3.      Where a member abstains for one of the above reasons or for a special reason, he shall inform the Chairman of the Complaints Board thereof, who shall, if necessary, arrange for his replacement by another member.

4.      If the Chairman of the Complaints Board or of the section considers that there are, in the personal circumstances of a member, grounds for his abstention, he shall conduct an exchange of views with the person concerned; in the event of disagreement, the Board or section shall decide. After having heard the member concerned, the Board or section shall deliberate and take a vote in his absence. Should the panel concerned decide that the member must withdraw, the Chairman of the Complaints Board may arrange for his replacement.’

 The Regulations for Members of the Seconded Staff of the European Schools

13      The Regulations for Members of the Seconded Staff of the European Schools (‘Regulations for seconded staff’) are adopted by the Board of Governors by virtue of the power granted to it in that regard by the European Schools’ Convention.

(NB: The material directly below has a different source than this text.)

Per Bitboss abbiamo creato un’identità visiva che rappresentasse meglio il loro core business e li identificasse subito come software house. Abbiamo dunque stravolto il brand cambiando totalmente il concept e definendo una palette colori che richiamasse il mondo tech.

14      In the version applicable from October 2004 to 30 June 2008, Article 49 of the Regulations for seconded staff provided:

‘1.      In accordance with this chapter and save as expressly provided otherwise, a member of staff shall be entitled to the remuneration carried by his post and his step in the salary scale for such a post, as laid down in Annex III to these Regulations.

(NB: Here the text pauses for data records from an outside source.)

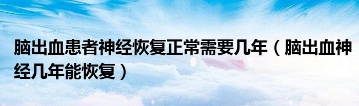 大家好,乐天来为大家解答以下的问题,脑出血患者神经恢复正常需要几年,脑出血神经几年能恢复很多人还不知道,现在让我们一起来看看吧!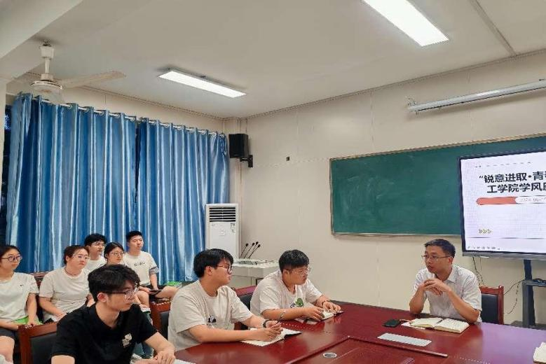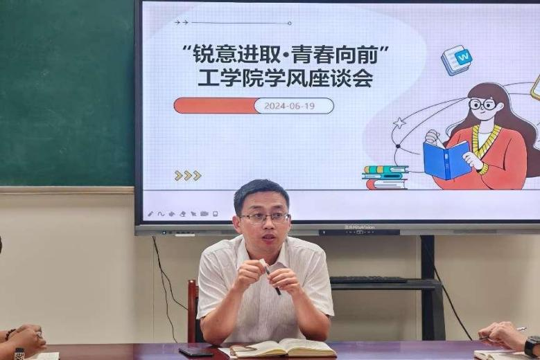 在座谈会上,学管就业副院长阚保强首先强调了优良学风对同学们的成长和工学院的发展的关键作用,鼓励同学们以积极向上的心态投入到学习和生活中。在此基础上,他分享了自己在教学过程中对于培养良好学风的经验和见解,为学生们提供了宝贵的建议。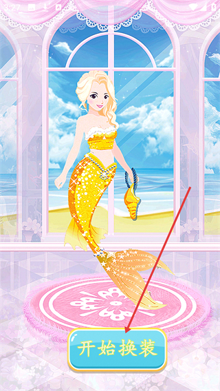 1、点击【开始换装】按钮,进入换装界面,可对美人鱼形象进行装扮调整。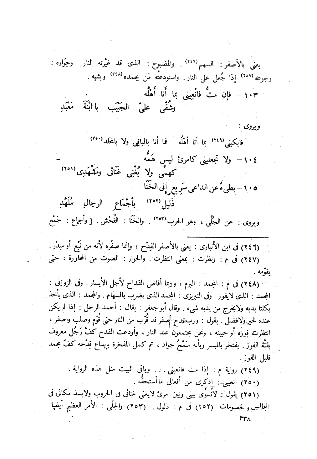 فإنْ مُتُّ فانعَيني بما أنا أهلُهُ، ... وشُقِّي عَليَّ الجَيبَ يا ابنَةَ مَعبَدِ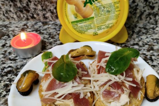Mi pinchoví consiste en una tostita integral con Allioli Choví en la base y trocitos de pollo, jamón serrano y queso rallado. Para decorar, mejillones y unas hojas de canónigos alrededor del plato, además de una hojita en cada tosta ¡Un pinchoví con un sabor delicioso!

2.(a) The competent national authorities shall pay the national emoluments to the member of staff and shall inform the Director of the amounts paid, specifying all the components taken into account for calculation purposes, including compulsory social security deductions and taxes.

(b)      The School shall pay the difference between the remuneration provided for in these Regulations and the exchange value of all national emoluments, minus compulsory social security deductions.

The exchange value shall be converted into the currency of the country in which the member of staff performs his duties, on the basis of the exchange rates used for the salaries of officials of the European Communities.

If the exchange value is higher than the remuneration provided for in these Regulations for a calendar year, the member of staff concerned shall be entitled to the difference between the two sums.

…’

15      The commentary on Article 49(2)(b) of the Regulations for seconded staff stated:

‘The provisions of the Staff Regulations of Officials of the European Communities envisage the adoption as a reference rate for currencies other than the Euro of the budget rate in force on 1 July of the year concerned. That is the reference rate which is used for the conversion into euros of salaries.’

16      In October 2008, the Board of Governors decided to amend Article 49(2)(b) of the Regulations for seconded staff, with effect from 1 July 2008, by inserting the following subparagraph between the second and third subparagraphs of that article:

‘These exchange rates shall be compared with the monthly exchange rates in force for the implementation of the budget. Should there be a difference of 5% or more in one or more currencies compared with the exchange rates used hitherto, an adjustment shall be made from that month. Should the trigger threshold not be reached, the exchange rates shall be updated after six months at the latest.’

17      Under Article 79 of the Regulations for seconded staff, administrative and financial decisions may be the subject of an administrative appeal to the Secretary-General. A contentious appeal may be brought against the express or implied decision rejecting the administrative appeal pursuant to Article 80 of those regulations, paragraph 1 of which provides:

‘The Complaints Board shall have sole jurisdiction in the first and final instance in any dispute between the management organs of the School and members of staff regarding the legality of an act adversely affecting them. When such disputes are of a financial character, the Complaints Board shall have unlimited jurisdiction.’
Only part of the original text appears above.